Oversee requests for outreach related to the IGLD update and develop presentations/material relevant to each request. This includes all facets of outreach from social media, presentations, media requests, etc. Determine which conferences/events are the best for personnel to attend to provide updates on IGLD progress. 

Water Levels on IGLD 2020

Sierra Davis and Khaleel Arfeen

Develop the methodology for providing water level measurements that are referenced to and tied into the modernized National Spatial Reference System (NSRS), the binationally agreed-upon reference zero, and the GEOID reference surface identified for IGLD (2020).  Identify needs of water level users on needs concerning IGLD (2020), data dissemination, and any future updates.  Provide recommendations to the Implementation and Maintenance working group, considering these needs of the water level user community. 
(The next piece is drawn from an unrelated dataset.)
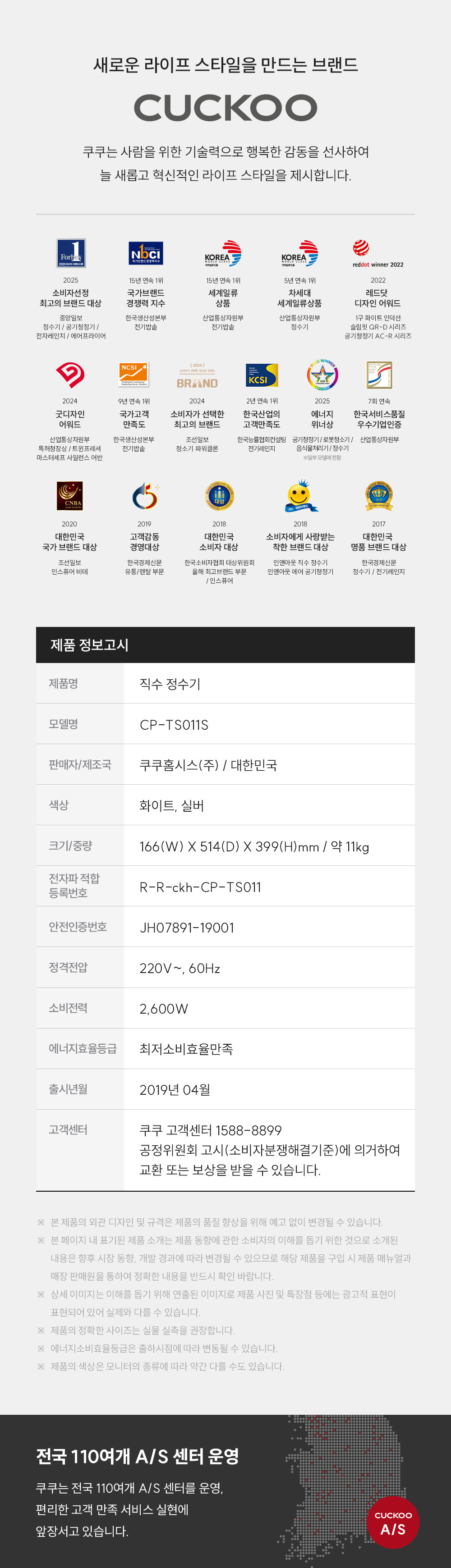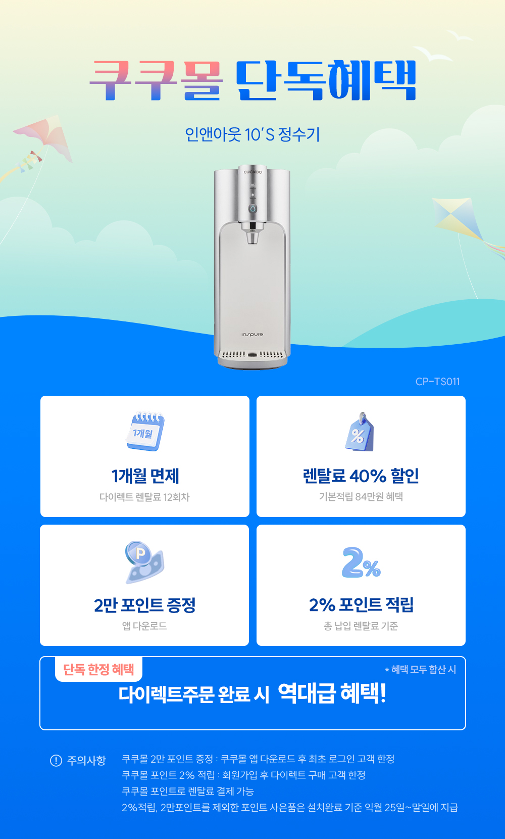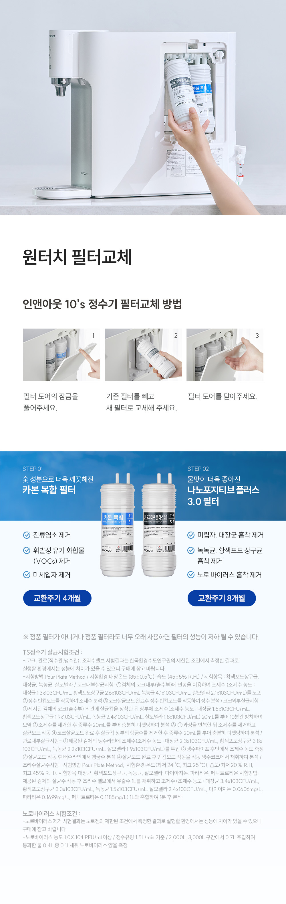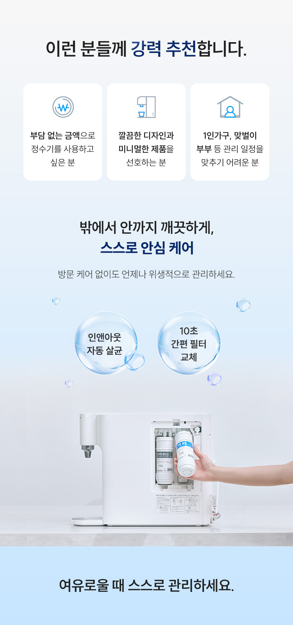 오랬동안 타정수기사용하다 이번에 쿠쿠로 바꿨어요~좋은가격과 각종 프로모션이 좋아요~또한 깔끔한 디자인에 물맛도 좋아요~

IGLD Implementation and Maintenance

Jason Bond and Jacob Heck

Provide guidelines to both users in the field and application developers on how to use the new, geoid-based, IGLD datum. The focus is on what happens after ellipsoidal height is obtained using Global Navigation Satellite Services (GNSS). Specific considerations include:

  1. Determining dynamic heights
  2. Applying hydraulic correctors
  3. Building tools to relate current and historic datums

Identification of accuracy deficiencies in the existing model and planning of required fieldwork to achieve desired accuracy levels are part of the ongoing maintenance work. Periodic reprocessing to provide model updates is also required.

Low Water Datum

Terese Herron and Jacob Heck

To review previous Low Water Datum (LWD) established for the Great Lakes to determine:

  1. If the LWD meets the International Hydrographic Organization (IHO) definition through analysis of the water level data data 
  2. Use the results of the analysis to make recommendations for LWD for IGLD (2020) 
  3. Provide the most up-to-date datums information to the public 
  4. Provide a methodology and document a process to use in the future

GNSS

Ryan Hippenstiel and Mike Craymer

Process data from the 2022 GNSS survey campaign (now meets ad-hoc since processing is nearly completed).